Двойственность заключалась в том, что героя раздирали две противоположные стихии: он страстно любил жизнь в ее чувственных проявлениях, с запахами, звуками и красками, и в то же самое время никогда не мог отделаться от неисправимо-тягостного сожаления, что все это исчезнет, поглощенное смертью, которая манила его не меньше, чем жизнь. Память о неизменном присутствии смерти газдановский герой носил в себе с детства. Образы небытия периодически всплывали в его воображении то волчьей пастью, высунувшейся из лесной чащи, то доносившимся из распахнутого окна жестяным скрежетом, который он слышал трехлетним мальчиком, то пением металлических труб, придуманных Круговским. И мысли о неотвратимой встрече со смертью лишали смысла все усилия, которые предпринимал герой, чтобы обрести душевное спокойствие хотя бы на время.

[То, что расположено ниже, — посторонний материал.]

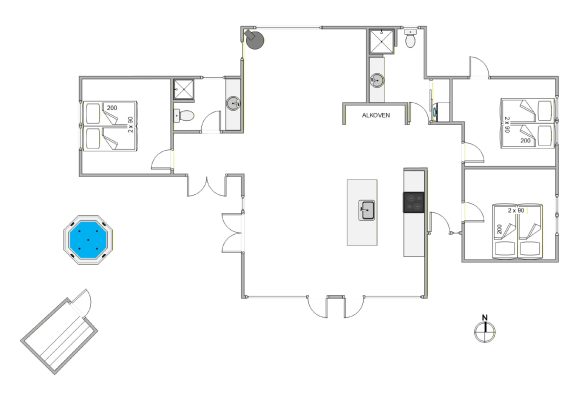 Huset rummer i alt 3 soveværelser. De to badeværelser, begge udstyret med gulvvarme, er især praktiske, når I skal 6 mand afsted i sommerhus. Så er der mindre chance for kø om morgenen.

Но в новом романе Газданов изымает влечение к смерти из характера своего героя и материализует его в самостоятельном персонаже — Александре Вольфе. У Николая Соседова появляется двойник, который не просто озвучивает его прежние мысли, — он доводит их до логического конца:
«Его философия отличалась отсутствием иллюзий: личная участь неважна, мы всегда носим с собой нашу смерть, то есть прекращение привычного ритма, чаще всего мгновенное; каждый день рождаются десятки одних миров и умирают десятки других, и мы проходим через эти незримые космические катастрофы, ошибочно полагая, что тот небольшой кусочек пространства, который мы видим, есть какое-то воспроизведение мира вообще. Он верил все-таки в какую-то трудноопределимую систему общих законов, далекую, однако, от всякой идиллической гармоничности: то, что нам кажется слепой случайностью, есть чаще всего неизбежность. Он полагал, что логики не существует вне условных произвольных построений, почти математических; что смерть и счастье суть понятия одного и того же порядка, так как и то и другое заключает в себе идею неподвижности».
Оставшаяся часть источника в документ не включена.